WHILE there’s much rejoicing over the release of Italian priest Giancarlo Bossi, a question hovers like a dark cloud over it: Did government agents abduct the relatives of his kidnappers to obtain the priest’s release? Armed Forces chief of staff Gen. Hermogenes Esperon has vowed to investigate the report, although he says his office has yet to formally receive such information.

Italian priest Giancarlo Bossi with police superintendent Jaime CaringalPhilippine National Police Western Mindanao director, Chief Superintendent Jaime G. Caringal and his men are now being hailed as heroes for managing Bossi’s release minus the bloodshed that often accompanied previous high-profile kidnappings down south.

“I will not admit that,” Caringal says when asked about reports of using a “kidnap-for-kidnap” tactic in securing the priest’s release. He says he and his team nurtured the negotiations from the beginning by establishing the right connections, and by treating each development with patience, formulating strategies along the way.

Caringal says days after Bossi was kidnapped, his group tried to establish links with the right “line,” a person who can serve as a conduit to the kidnappers. It turned out there were several “enterprising” individuals and groups offering information about Bossi, for a fee. Surprisingly, a source says they discovered there were several groups also working for Bossi’s release, some of them in government.

Caringal’s group settled with former Tuburan mayor Hajuran Jamiri, a former Moro National Liberation Front commander. Jamiri was unavailable in the initial stage of the talks, as he ran, but lost in the special elections in Lanao del Norte.

The first “proof of life” secured by Jamiri was a picture and a video of Bossi in captivity. The picture appeared in some newspapers two days after it was given to Caringal’s group. “That should not have happened,” says Caringal, as it potentially compromised details of the talks. He adds that the materials did not assure him and his team that Bossi was still alive. There was nothing in the picture and the video to indicate when they were taken, diluting their validity as proof of life. A source says the picture found its way to the papers when someone close to the negotiations sold it to Bossi’s colleagues for P50,000.

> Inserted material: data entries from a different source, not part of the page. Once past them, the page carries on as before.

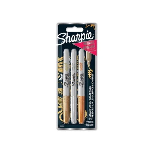 Sharpie Permanent Merkepenn Fine Metallic Gull/Sølv/Bronse 3-Blister
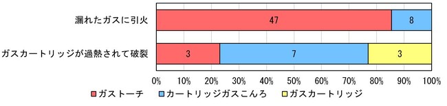 『漏れたガスに引火』した事故55件、『ガスカートリッジが過熱されて破裂』した事故13件について、それぞれの製品別の事故発生件数を図3に示します。製品別で見ると、『漏れたガスに引火』した事象は「ガストーチ」で多く発生し、『ガスカートリッジが過熱されて破裂』した事象は「カートリッジガスこんろ」で多く発生しています。
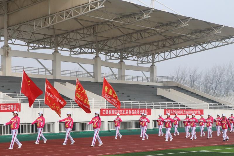 浩浩蕩蕩的拉練隊(duì)伍分成七大方陣,三列縱隊(duì)繞著體育館出發(fā)。上清湖健步隊(duì)、閆溝河健步隊(duì)、蒲公英健步隊(duì)、王皮溜健步隊(duì)、渦北健步隊(duì)、東城健步隊(duì)隊(duì)列整齊高呼口號(hào)繞場(chǎng)一周。500余人迎著朝陽(yáng),邁著堅(jiān)定有力的步伐,意氣風(fēng)發(fā)地踏上拉練的征程。
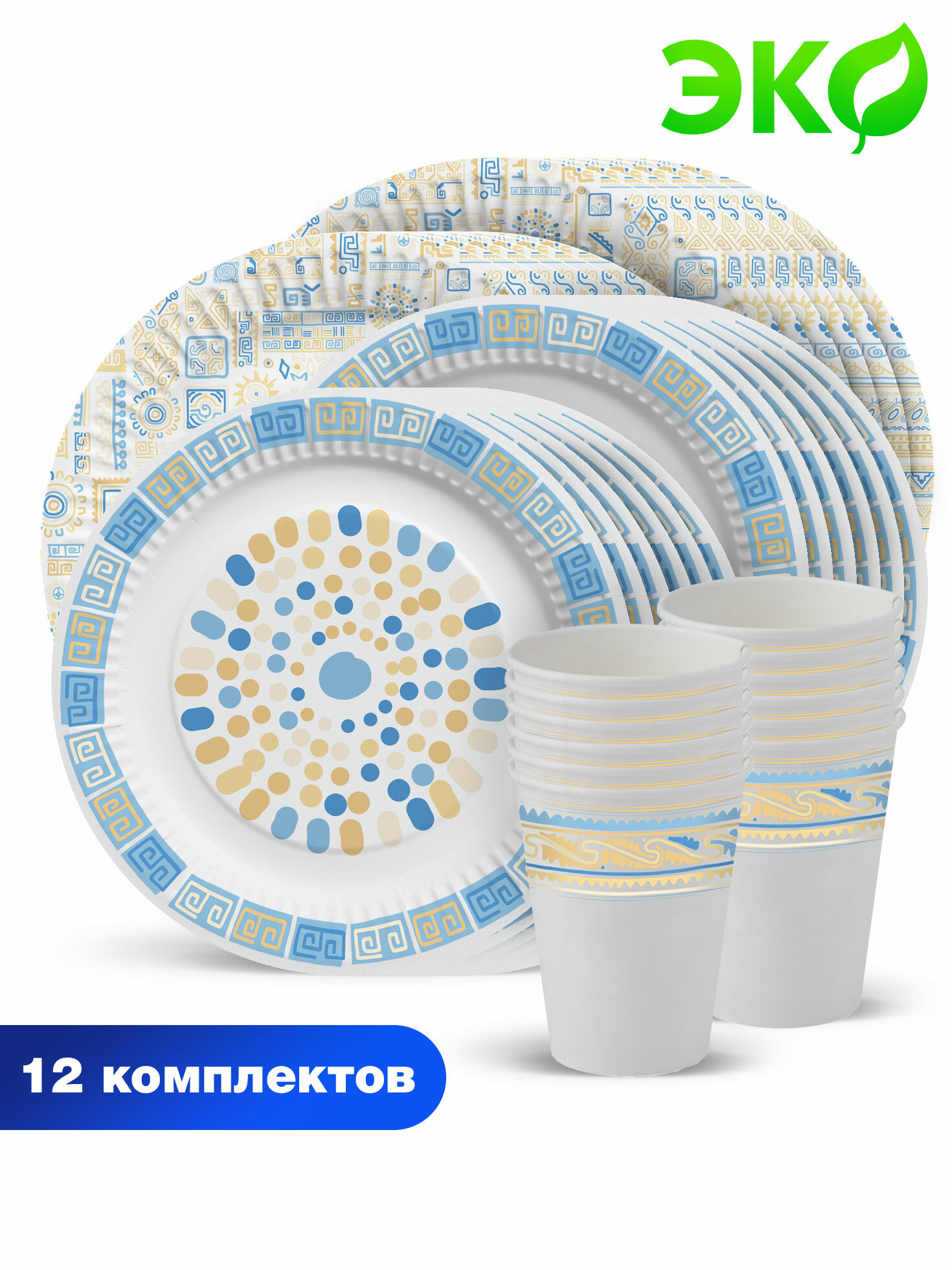 Набор бумажной одноразовой посуды для праздника Эко-стиль (тарелка мал, тарелка бол, стакан, по 12 шт.) ND Play
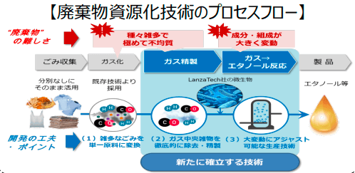 このプロセスでは、廃棄物をガス化してCO/H₂を生成し、微生物のガス発酵を活用してエタノールなどの資源を合成 します。さらに、副生するCO₂をグリーン水素でCOに転換し、エタノールからエチレンやブタジエンを合成する技術の開発も進めていま
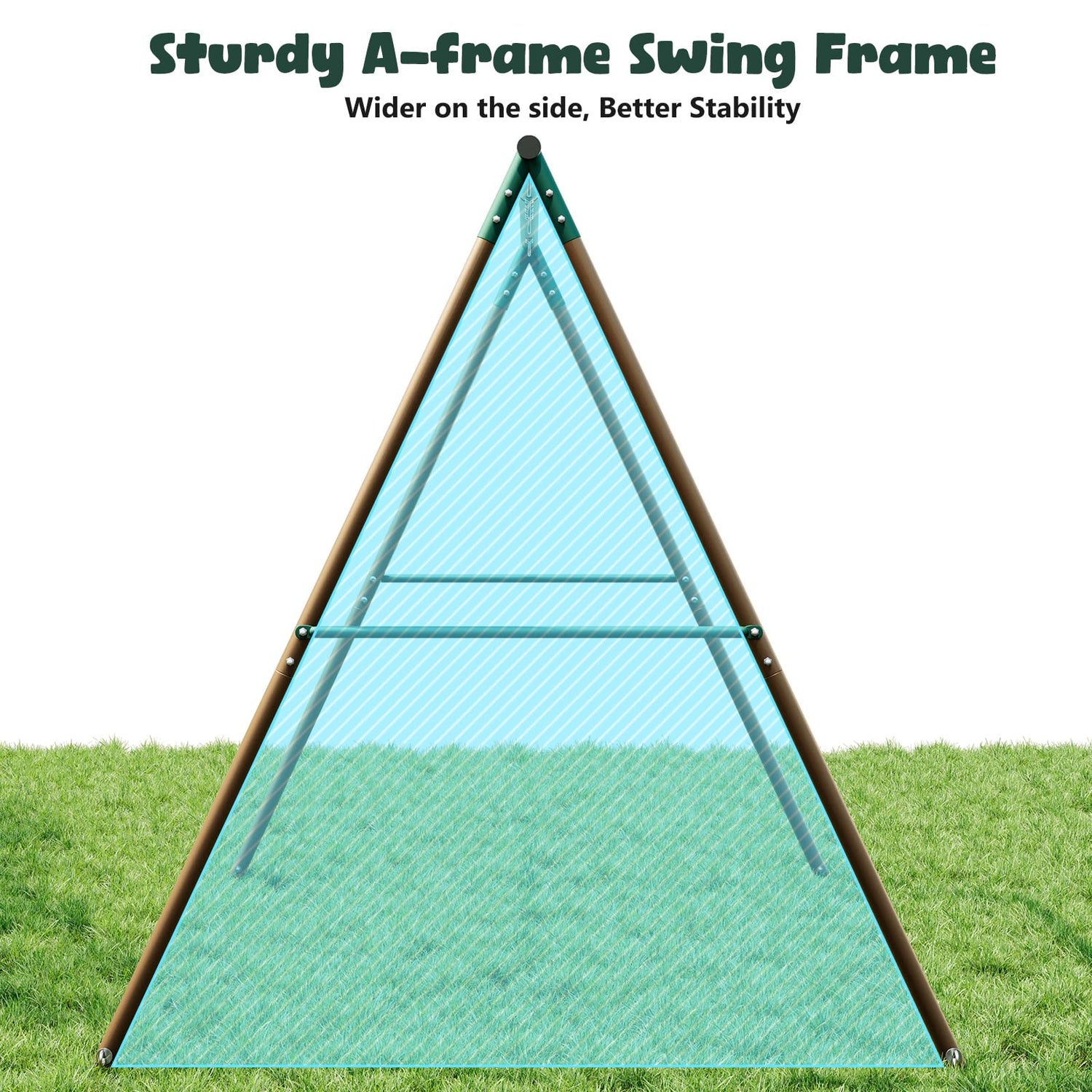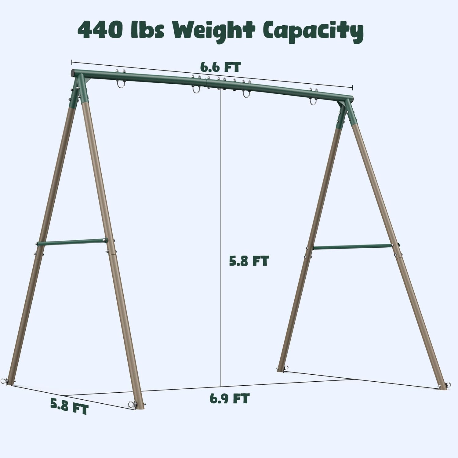 - 【Sturdy Metal Swing Set for Kids 】Wider on the side and 4 spiral stakes ensure great stability. Supports up to 440 lbs, with durable powder-coated tubes that resist rust and need no daily maintenance
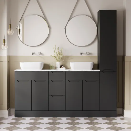 Supplied with a high quality laminate worktop and luxury vessel basin.
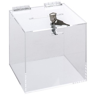 Clear Locking Ballot / Comment BoxModel: BB6Main Box Exterior Size: 6"W x 6"D x 6"H Sturdy Clear 1/8" (0.118" or 3mm) Acrylic with Smooth, Polished Edges Great for Ballots/Comments, Contest Entries, Business Card Drops, etc.

It remains unclear whether Jamiri had direct, personal meetings with the kidnappers during the talks, or if he was using a conduit. What is clear is that he was chosen for the job because he alone provided tangible proof that he had the right network that linked the PNP to Bossi’s kidnappers. Caringal refused to divulge whether Jamiri was paid for his services, admitting only to forking over money for the former mayor’s SIM card, cell-phone load, food and boarding expenses. His family was also given “protection” while the talks were ongoing.

The negotiators gave it another try, this time dictating the elements they wanted in the picture before it is shot. They gave Jamiri a July 11 copy of the Philippine Star, which they wanted to be shown with Bossi. Three days later, Jamiri produced the picture. That was when negotiations began, Caringal says. While the second picture made it to the hands of some journalists, this time, they refrained from printing it to avoid compromising the negotiations.

Fr. Bossi having noodle soup; Caringal (right, foreground)Around 2 p.m. of July 19, Caringal’s team received information that Bossi’s kidnappers, faced with mounting pressure from military and police operations, were about to abandon their captive. They have been trapped, unable to move for days because of increased police and military operations near the area where Bossi was being kept. A source says the number of kidnappers dwindled from 15 to five in the final days of the kidnapping.

Around 9 p.m. of the same day, Caringal’s team, already on the road, received news that Bossi had been turned over to a PNP-friendly emissary at the border of Zamboanga del Sur and Lanao del Norte. Bossi was reportedly escorted out of his captors’ mountain hideout, made to walk for two hours, and abandoned upon reaching a highway. The emissary sent by the PNP, who was also known to the kidnappers, met him there. Shortly before midnight, Caringal and his team had Bossi in their hands.

Caringal refuses to reveal details of the negotiations for Bossi’s release from the time his team received the second proof of life to the night the priest was freed, beyond saying his team used “persuasion, psy-war and pressure.” He says his team made use of tactics that showed the kidnappers “that they were not impregnable.”

A police source denies kidnapping was employed to obtain Bossi’s release. He could only go as far as admitting to “intimidation” of people who were related to Akhidin Abdusalam alias Commander Khidi. Khidi, the alleged brains of the kidnapping, is said to be a rogue commander of the Moro Islamic Liberation Front. And as children are often raised in a culture of extended families in Mindanao, Khidi was vulnerable.

“We dealt with them in a manner that they will understand, and we communicated in a language that both (sides) understood,” Caringal says. He adds that no ransom was paid, and that no abduction of anyone related to the kidnappers took place.

Caringal is a member of the Philippine Military Academy class of 1976. He was formerly the PNP‘s intelligence chief before being named regional commander of the PNP in Southern Luzon and later in Western Mindanao. A son-in-law of the controversial retired general Fortunato Abat, he retires next year.